On Tuesday, the matter came to the Senate floor — and President Obama forgot the “no, thanks” part. Siding with the pharmaceutical lobby, the administration successfully fought against the very idea Obama had championed.
“It’s got to be a little awkward,” said Sen. Tom Carper (D-Del.).
How bad did it get? John McCain wound up as the voice of populism:
He also said during his presidential campaign that he wanted to “let Medicare negotiate for lower prices” for drugs. White House Chief of Staff Rahm Emanuel, when he was in Congress, also championed reimportation. Yet now, after their successful battle against it, the two are expected to fight off a similar legislative effort to allow Medicare to negotiate for lower drug prices.

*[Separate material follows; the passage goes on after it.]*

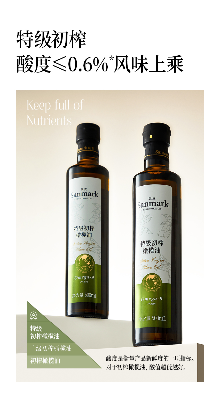 特级初榨橄榄油 500ml*2瓶(酸度≤0.6%,0反式脂肪酸)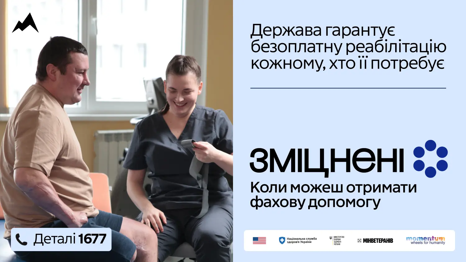 В Україні стартувала комунікаційна кампанія «Зміцнені» про безоплатну реабілітацію Національна служба здоров’я України в партнерстві з Міністерством охорони здоров’я, Міністерством у справах ветеранів, за підтримки проєкту

Even before the vote came, it had become clear that President Obama’s aides had the votes to kill the proposal Senator Obama once co-sponsored. This, said Sen. John McCain (R-Ariz.), “contributes to the enormous cynicism on the part of the American people about the way we do business here.” To Dorgan, he pledged: “I will be by his side as we go back and back and back again on this issue until justice and fairness is done and we defeat the special interests of the pharmaceutical industry which have taken over the White House and will take over this vote.”
Milbank and Democrats would have an easier task in counting the promises Obama keeps. Thus far, he’s managed to mostly keep his word on Afghanistan, and, um … now, give me a minute …
There are good reasons for this reversal. First, the administration already got $80 billion in concessions from the pharmaceutical industry and their support for ObamaCare, although Nancy Pelosi and Harry Reid may put both in jeopardy by reneging on the White House’s deal. Second, the Canadian prices are artificially low, the result of Canadian intervention. The pharmaceuticals make up the difference in the US, which allows them to pursue a lot of R&D that only has about a 10% success rate. Forcing them to sell at artificially low prices will mean a lot less R&D, much less capital to pursue new cures, and the stagnation of health care rather than progress.
Of course, it would have been better for Obama to inform himself better before issuing foolish campaign promises that he would later have to reverse. But that would have meant less populist pap, and probably would have put Hillary Clinton in the White House.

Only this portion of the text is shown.